I also have a New York book agent and Im now in process of writin drafts as editors reveiw it. As youcan imagine my spelling is a problem. Im also developin a plot. Theres lots of varied scattologicol humor involving varrious bodily humours as well.
You may be interested in gettin a copy of my book if and when it comes out. Ifyou want to stay informed just drop me a note at:
I PROMISE I WONT USE YOUR E-MAIL ADDRESSS FOR SPAM SOLICOTATIONS OR ANYTHING OTHER THAN SENDING YOU ONE NOTE IF AND WHEN MY BOOK COMES OUT.
Granfather and i are fighting ALOT lately about artistic interprottation. Plus he wants it to be a scrach and sniff book or at least a pop-up book. But I SAID NO. More on that in a bit.
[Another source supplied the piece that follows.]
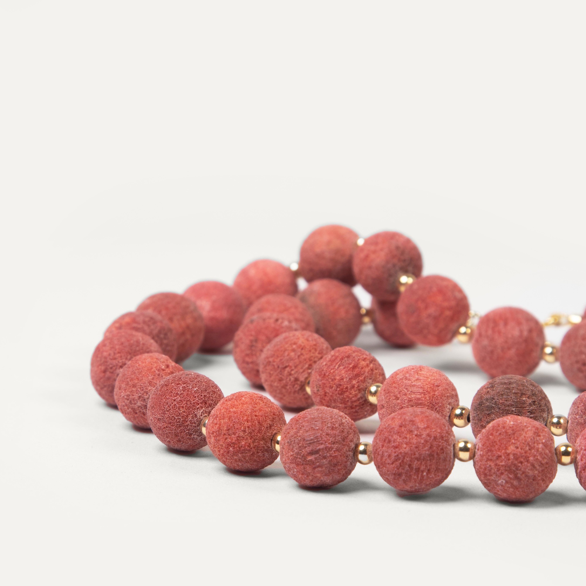 Колье Shard с губчатым кораллом — это изысканное украшение, выполненное из натурального губчатого коралла. Каждый элемент колье представляет собой бусины округлой формы, которые имеют естественную текстуру и теплый коралловый оттенок, придающий изделию особенную природную красоту.

But we agreed hed have to GO HIMSELF and pay his own way. I flew in on Sunday an changed planes in Atlanta with alot of crazy Braves fans on there way to the World Sereis and 2 fat ones sat on eithor side of me with there big elbows on my side burping and fartin for the whole flihgt.
I flew to Laggaudia airport and took a taxi downtown and i thouht i got screwed but later i found out THATS WHAT THEY REALY CHARGE. It was too expensiv to stay on the island of Manhatton so I stayed in a motel right across the river in Queens and took a subway. Well dont you know the old beast had the same idea. He stayed in a cheap place a few miles away in Flushing Qeueens you know why? Cause granfather said I ALWAYS WANTED TO STAY IN FLUSHING I LIKE THE NAME. Also he says FLUSHING is the logicol place to go after CRAPPING and WIPING. I dont make this stuff up. The man has a sick mind.
I never saw his motel but he chose it cause the ad in the paper said RATES BY THE HOUR and the daily rate was in the center of a heart. Dont ever stay in a motel where the price is ina heart.
Air travel for granfather was out of the qeustion. Under the care of the animol behavorol specilist we went to see in my last update granfater was packed in a custom steel shiping containor designed for violent primates and and sent by truck. It was made in Ruwanda and was once used to transport rabid silverback gorrillas. Our own pet carrier was no good as he reqiured one where althogh he must remain crouching the animol can completly turn around in it. With the cost to dropship him and rent the containor (AND clean it afterword--PHEW!) as well as insurence the old beast could of friggin flown first class.